To what extent do charging facilities for electric cars conform to reality?
It’s common knowledge that the entry price of electric cars is too high for many people shopping for a new automobile. With the money you save on gas and the deductions you get, however, the price is readily reduced to a more manageable level. Electric cars, sometimes known as “Zero Emissions” vehicles, are inherently more efficient than their gasoline-powered counterparts. Electricity may be used as a substitute for gasoline in conventional internal combustion engine vehicles, which can result in significant cost savings. Most EVs also have a reputation for being easy to maintain and repair, which can help sway your decision to buy one.
So, what exactly does “alternating current” refer to?
AC stands for “alternating current,” which indicates that the voltage is positive at one moment and negative at another. This change of direction occurs at incredibly rapid rates, quantified by the Hertz (Hz) unit, which measures how many times in a second the direction changes. With a frequency of 50 hertz (hertz), the primary power source provides an alternating current of 230 volts 50 times per second. To utilize an AC charging station, a vehicle must first take in the AC power from the charging station and then convert it to DC power.
For those who are confused, DC power means direct current.
The term “direct current,” or DC, refers to a kind of electrical current in which electrons always go from positive to negative terminals. A power source or transformer is necessary for many electronic devices since they need Direct Current. Direct current devices, such as the battery in your electric vehicle, are easily recognizable by their one positive and one negative pole, as is the case with all batteries.
If you have a DC charging station, you may utilize the DC power it provides to charge your vehicle’s battery quickly using the fast-charging port in your vehicle.
Comparing Alternating Current (AC) vs Direct Current (DC) for Powering Charging Stations
Now that we know the difference between AC and DC charging stations, what does this really mean when making a charging station choice? As the DC power source has less resistance in its energy flow, the charging time at a DC charging station is much less than at an AC charging station. This is because the charging station has a much higher demand on the power grid and must be equipped with an inverter.

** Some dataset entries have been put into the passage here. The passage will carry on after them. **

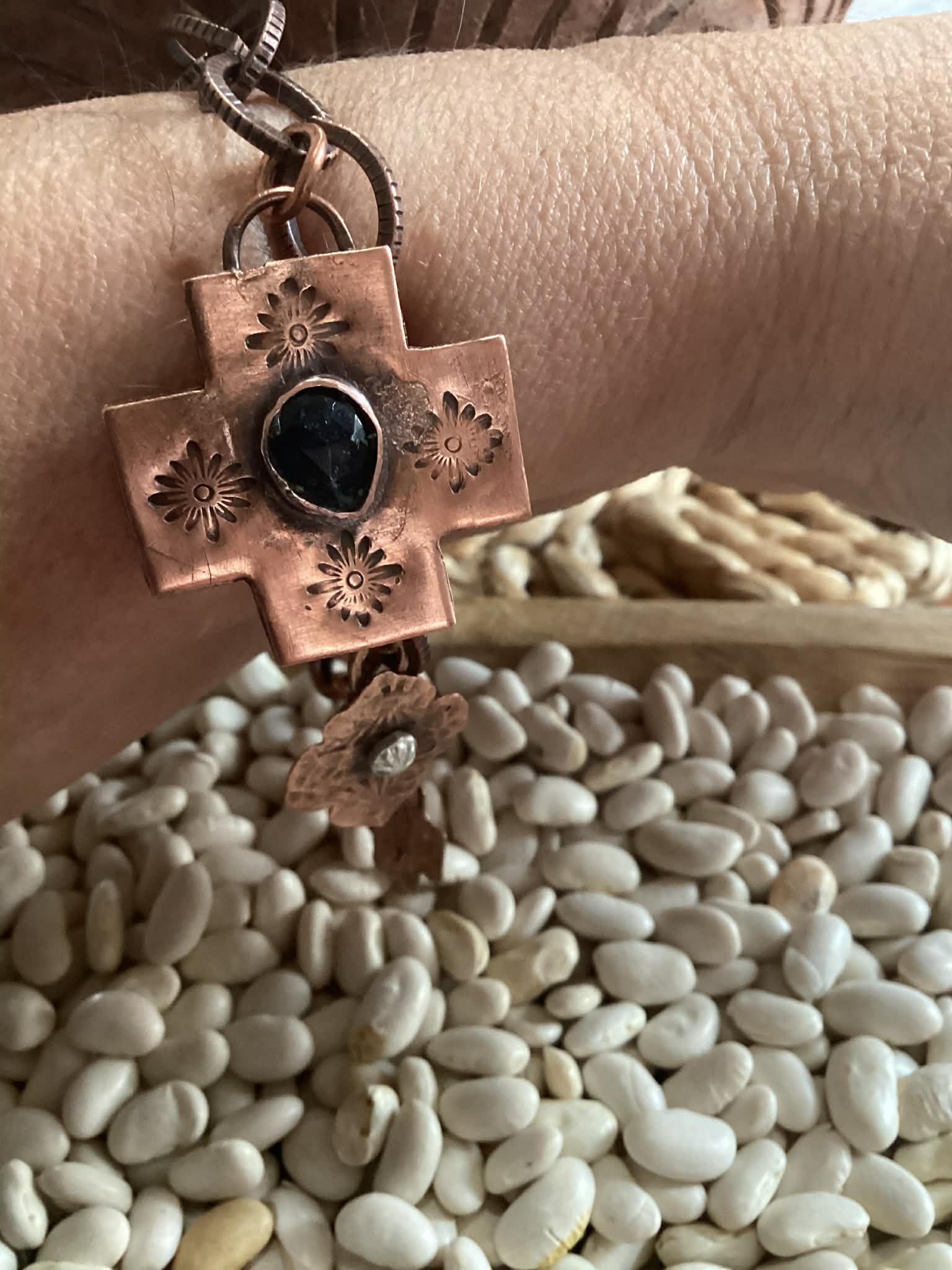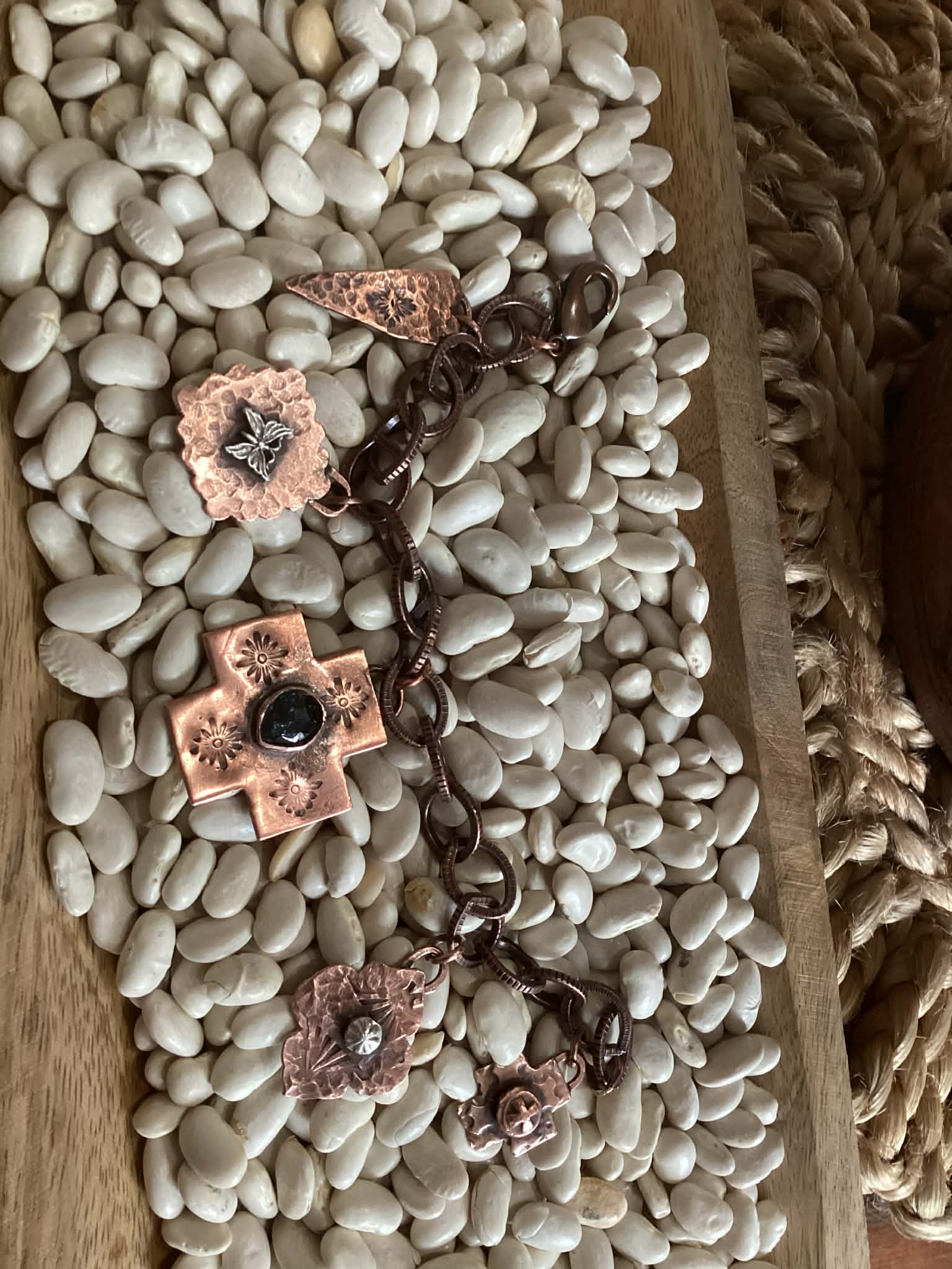 I designed and handcrafted this genuine copper and sapphire charm bracelet. Each piece is cut by hand and each charm is soldered on and hand forged. This bracelet comes signed. The silver on the charms is sterling silver. The whole bracelet is genuine copper. The gemstone is genuine also. It measures 9 inches in length. Where stacked or bold enough to be worn alone. The cross measures 1.25 inches x 1.25. It is hand stamped, as is the other charms. Also, it is hand hammered. It is then slightly oxidized as to help the designs and hammering pop!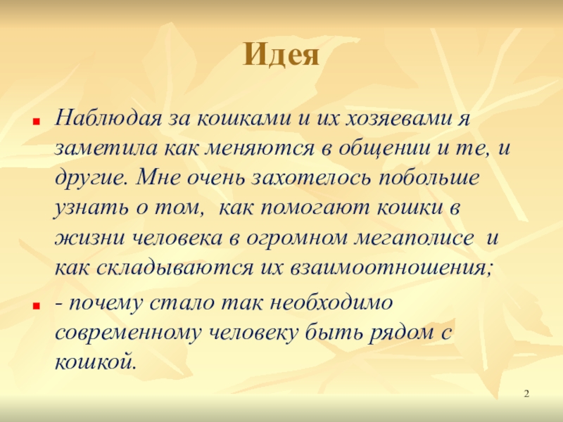 ИдеяНаблюдая за кошками и их хозяевами я заметила как меняются в общении и те, и другие. Мне очень захотелось побольше узнать о том, как помогают кошки в жизни человека в огромном мегаполисе и как складываются их
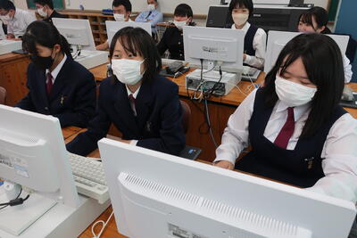 クロームブックとデスクトップPCを駆使して論文を作成している生徒もいました。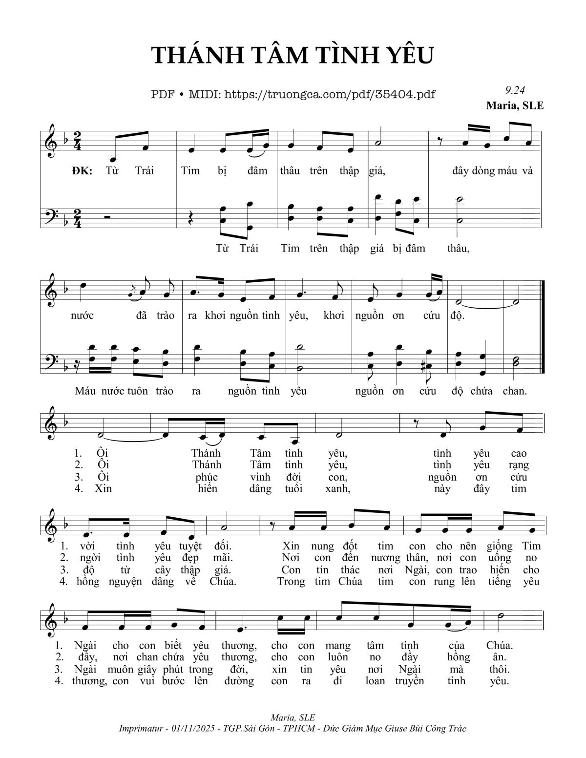 More similar sheets PDF Thánh Tâm Tình Yêu:

Is there ever a time when you wouldn’t want to use DC power?
You may be wondering whether it would make more sense to invest in a DC electric charging station right now. According to Statiq, a DC electric car charging station is the way to go if you need a completely charged car in under 20 minutes. With an AC charging station, this takes between four to eight hours.
It’s not common, though, for a car to need charging in such little time. As a general rule, people who own electric vehicles charge them overnight and then unplug the cables in the morning, whereas businesses often do the reverse. For many hours, the car sits parked and charging in both cases, suggesting that a longer charge time isn’t necessarily a negative thing.